DATASET EXCERPT →
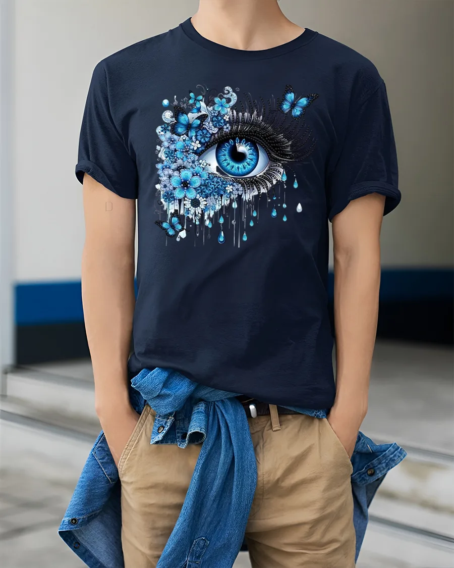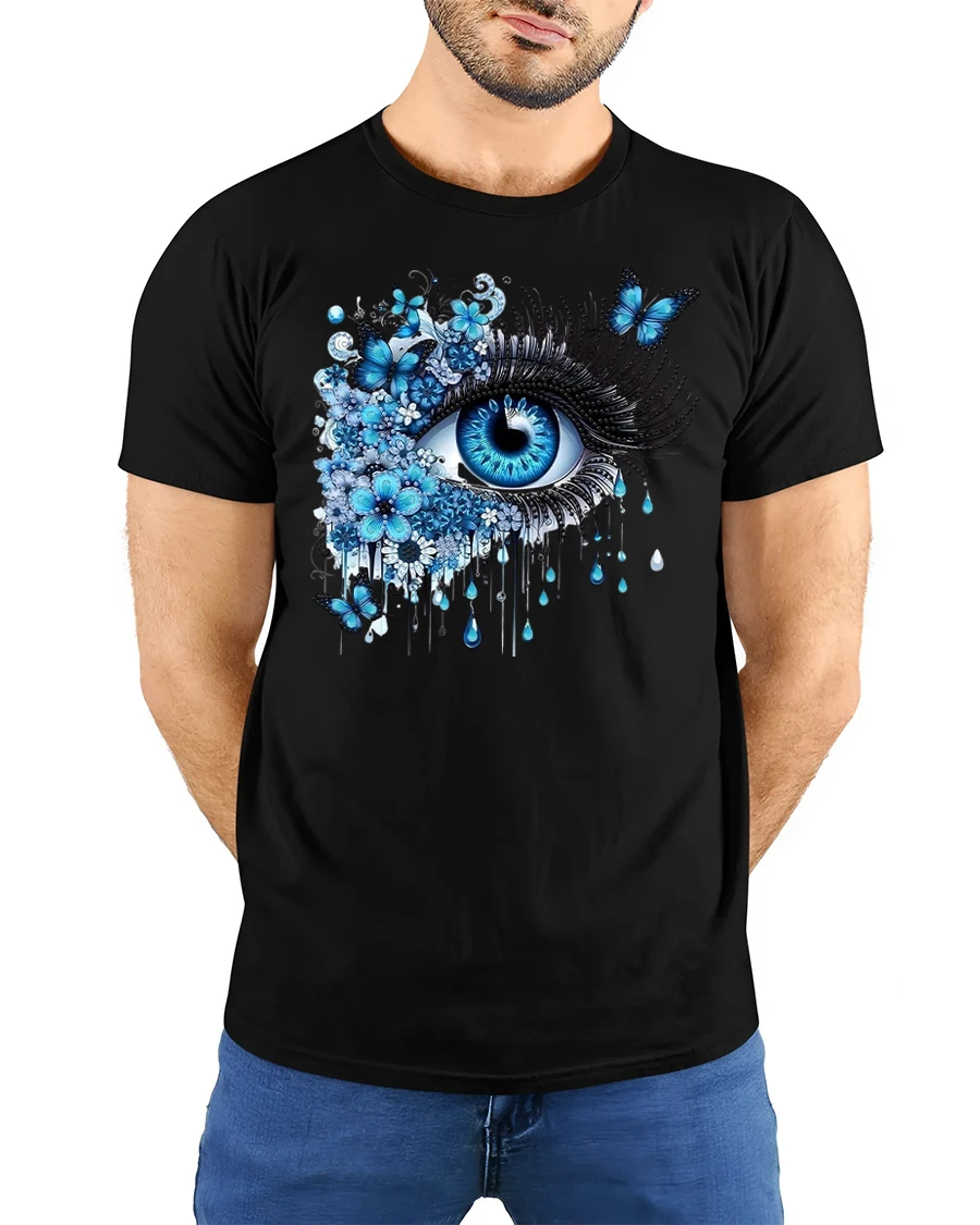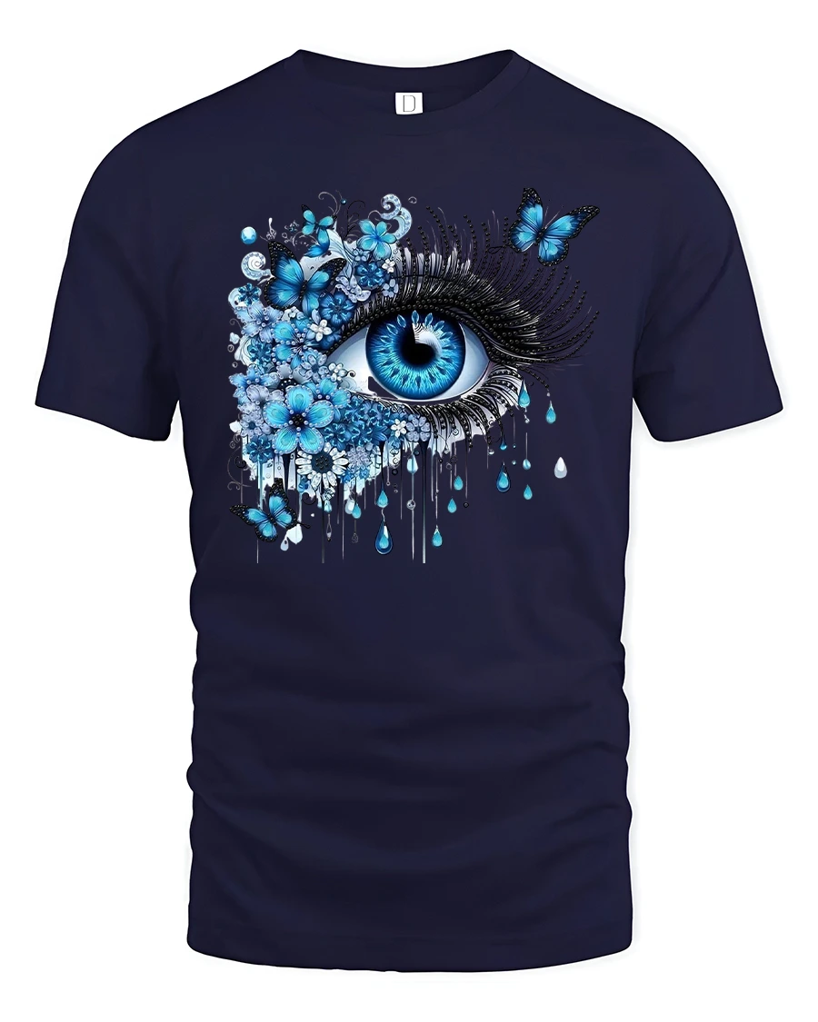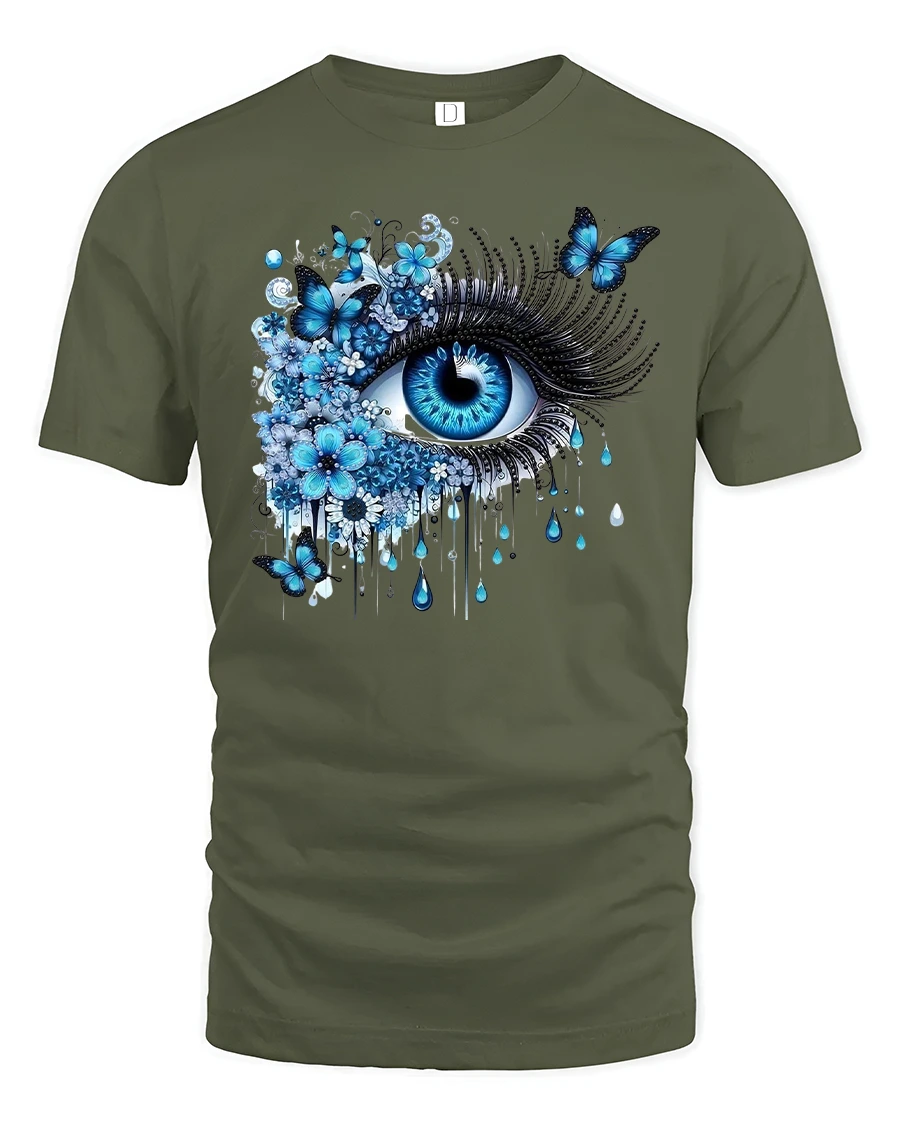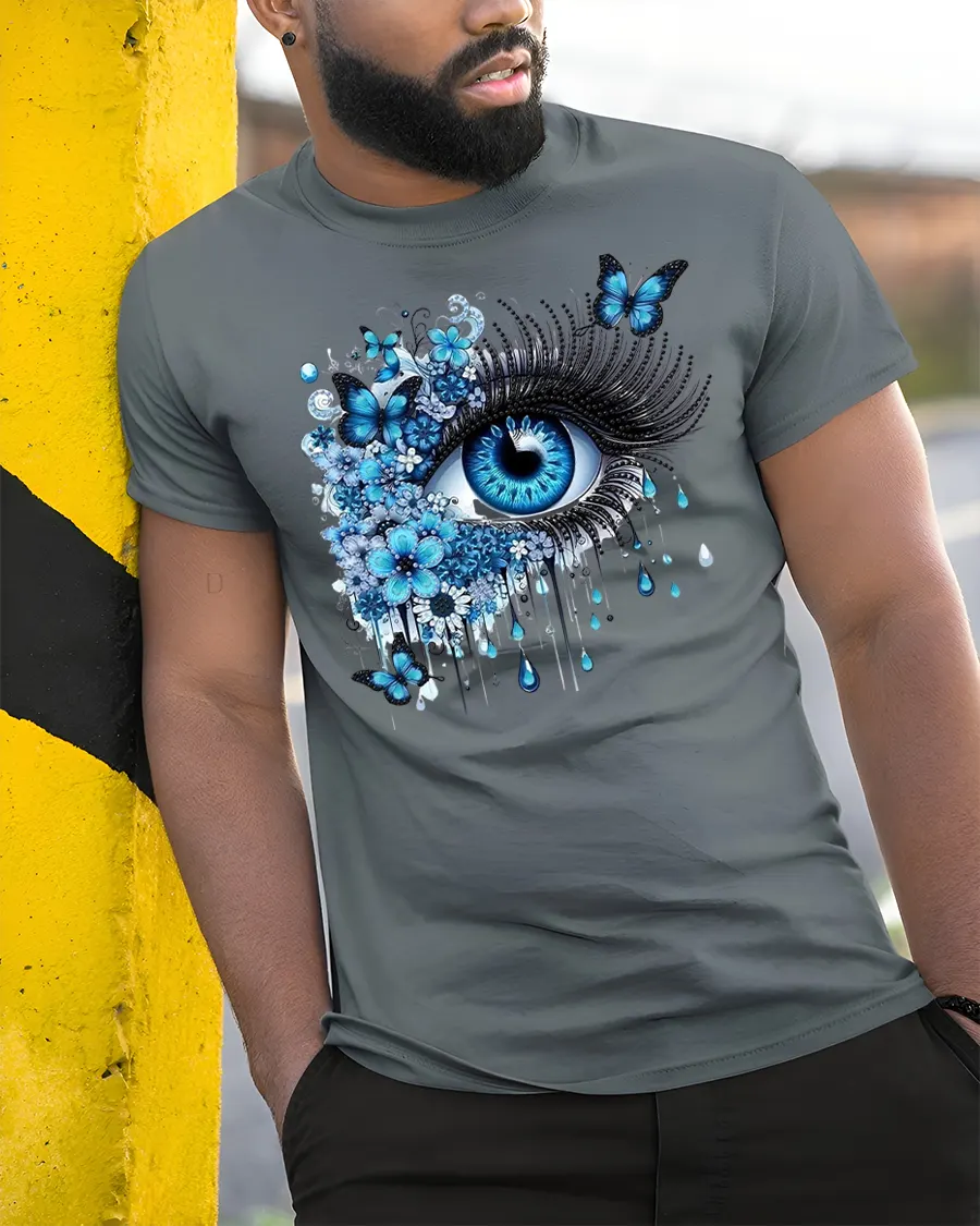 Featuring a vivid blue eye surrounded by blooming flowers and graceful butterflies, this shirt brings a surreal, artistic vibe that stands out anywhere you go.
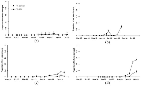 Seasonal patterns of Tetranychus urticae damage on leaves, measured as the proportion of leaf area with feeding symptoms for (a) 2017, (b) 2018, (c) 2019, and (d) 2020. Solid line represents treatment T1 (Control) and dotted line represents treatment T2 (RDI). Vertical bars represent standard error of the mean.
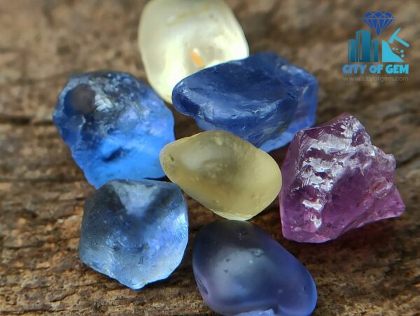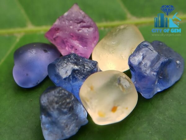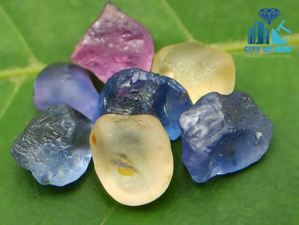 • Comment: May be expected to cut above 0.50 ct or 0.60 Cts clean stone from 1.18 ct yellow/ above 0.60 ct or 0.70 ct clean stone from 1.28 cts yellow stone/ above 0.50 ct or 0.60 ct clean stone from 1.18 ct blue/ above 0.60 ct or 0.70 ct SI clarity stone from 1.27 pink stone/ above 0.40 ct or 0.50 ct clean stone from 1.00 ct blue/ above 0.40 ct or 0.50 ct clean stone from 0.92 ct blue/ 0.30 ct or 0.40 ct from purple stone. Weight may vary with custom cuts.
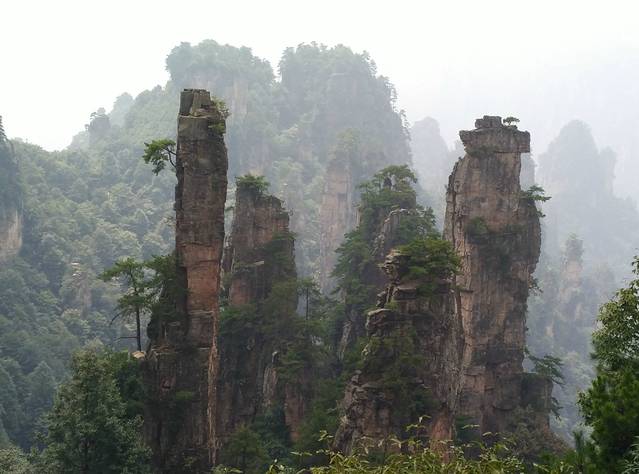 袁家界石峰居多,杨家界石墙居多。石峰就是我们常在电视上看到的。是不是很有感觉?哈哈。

PROBLEM TO SOLVE → All of the preceding material should be output verbatim, with the pictures excluded.

RESPONSE TO THIS EXERCISE →
 Featuring a vivid blue eye surrounded by blooming flowers and graceful butterflies, this shirt brings a surreal, artistic vibe that stands out anywhere you go.
 Seasonal patterns of Tetranychus urticae damage on leaves, measured as the proportion of leaf area with feeding symptoms for (a) 2017, (b) 2018, (c) 2019, and (d) 2020. Solid line represents treatment T1 (Control) and dotted line represents treatment T2 (RDI). Vertical bars represent standard error of the mean.
 • Comment: May be expected to cut above 0.50 ct or 0.60 Cts clean stone from 1.18 ct yellow/ above 0.60 ct or 0.70 ct clean stone from 1.28 cts yellow stone/ above 0.50 ct or 0.60 ct clean stone from 1.18 ct blue/ above 0.60 ct or 0.70 ct SI clarity stone from 1.27 pink stone/ above 0.40 ct or 0.50 ct clean stone from 1.00 ct blue/ above 0.40 ct or 0.50 ct clean stone from 0.92 ct blue/ 0.30 ct or 0.40 ct from purple stone. Weight may vary with custom cuts.
 袁家界石峰居多,杨家界石墙居多。石峰就是我们常在电视上看到的。是不是很有感觉?哈哈。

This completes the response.